PROVIDED MATERIAL |
+-------+

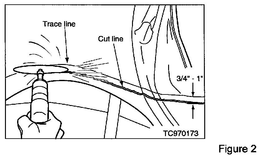 3. Do not cut quarter panel at the trace line. Cut off damaged portion of the quarter panel with allowance below the traced line (inside line) using a grinding wheel or cutting saw (see Figure 2).
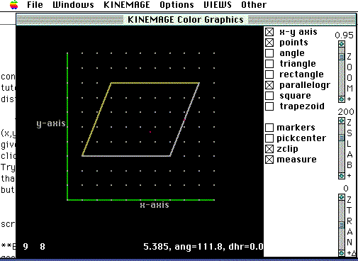 Tutorial II makes use of MAGE capabilities to demonstrate 2-D graphing, and the measuring of angles and line segments. The tutorial also introduces the Draw capabilities of MAGE, which will allow students to draw polygons onto the grid and measure angles and distances.
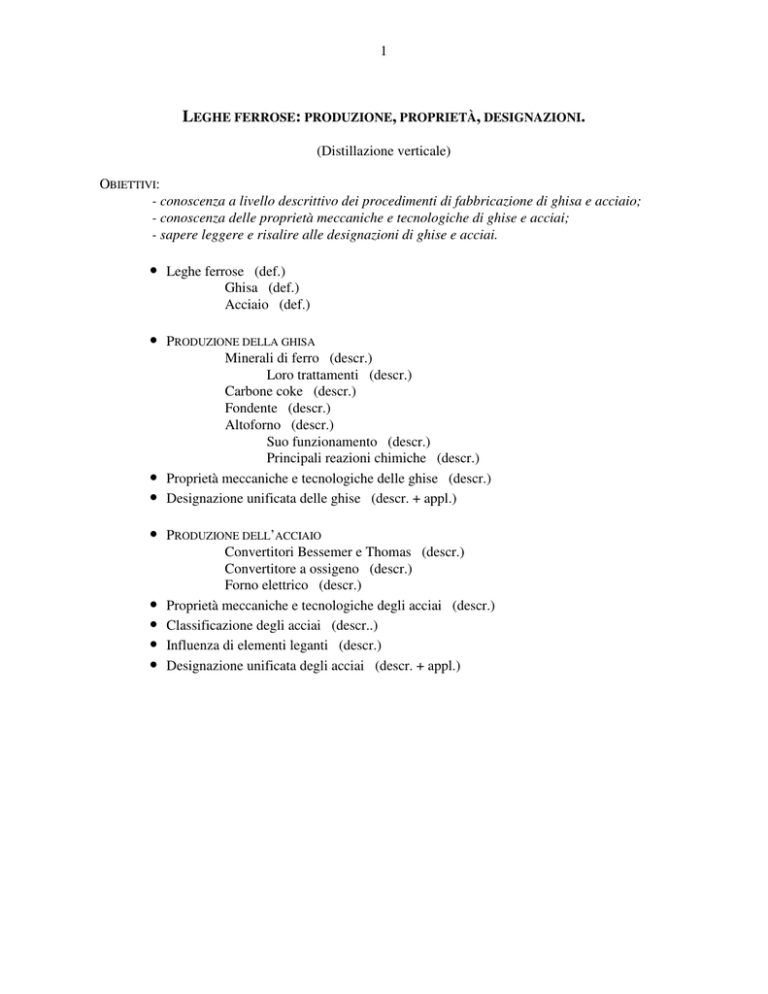 - conoscenza a livello descrittivo dei procedimenti di fabbricazione di ghisa e acciaio;

+-------+

WHAT YOU HAVE TO DO |
Every line of the data should be transcribed exactly. Omit the images.

ANSWER SPACE |
 3. Do not cut quarter panel at the trace line. Cut off damaged portion of the quarter panel with allowance below the traced line (inside line) using a grinding wheel or cutting saw (see Figure 2).
 Tutorial II makes use of MAGE capabilities to demonstrate 2-D graphing, and the measuring of angles and line segments. The tutorial also introduces the Draw capabilities of MAGE, which will allow students to draw polygons onto the grid and measure angles and distances.
 - conoscenza a livello descrittivo dei procedimenti di fabbricazione di ghisa e acciaio;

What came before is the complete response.